With energy and great sense of power.,nature is a solitary tree in the field and an extraordinary field.
Representational image
Representational image

CHENNAI: What is education actually doing? Is it really helping mankind, our children, to become more concerned, more gentle, generous, not to go back to the old pattern — to the ugliness and naughtiness of this world? If the educator is really concerned, as he must be, then he has to help the student to find out his relationship to the world, not to the world of imagination or romantic sentimentality, but to the actual world in which all things are taking place; and also to the world of nature, to the desert, the jungle or the few trees that surround him, and to the animals of the world.

(Animals, fortunately, are not nationalistic; they hunt only to survive.) If the educator and the student lose their relationship to nature, each will certainly lose his relationship with humanity.What is nature? There is a great deal of talk about and endeavour to protect nature, the animals, the birds, the whales and dolphins, to clean the polluted rivers, the lakes, the green fields and so on. Nature is not put together by thought, as religion is, as belief is.

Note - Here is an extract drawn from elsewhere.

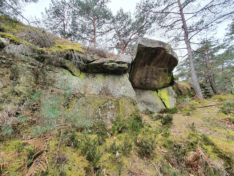 Nice jump where you have to do a blind jump to the top edge. Problem can be found on blue path near boulder with blue D painted on it.

Nature is the tiger — that extraordinary animal with energy and great sense of power. Nature is the solitary tree in the field, the meadows and the grove; it is that squirrel shyly hiding behind a bough. Nature is the ant and the bee and all the living things of the earth. Nature is the river, not a particular river, whether the Ganges, the Thames or the Mississippi. Nature is all those mountains, snow-clad, with dark blue valleys and ranges of hills meeting the seas. The universe is part of this world. 

One must have a feeling for all this, not destroy it, not kill for one’s pleasure, not kill animals for food. We do kill the vegetables that we eat, but one must draw the line somewhere. If you do not eat vegetables, then how will you live? So one must intelligently discern. Nature is part of our life. We grew out of the seed, the earth, and we are part of all that, but we are rapidly losing the sense that we are animals like the others. Can you have a feeling for a tree? Look at it, see the beauty of it, listen to the sound it makes; be sensitive to the little plant, to the little weed, to the creeper that is growing up the wall, to the light on the leaves and the many shadows.

 You must be aware of all this and have that sense of communion with nature around you. You may live in a town, but you do have trees here and there. The next-door garden may be ill-kept, crowded with weeds, but look at the flower in it, and feel that you are part of all that, part of all living things.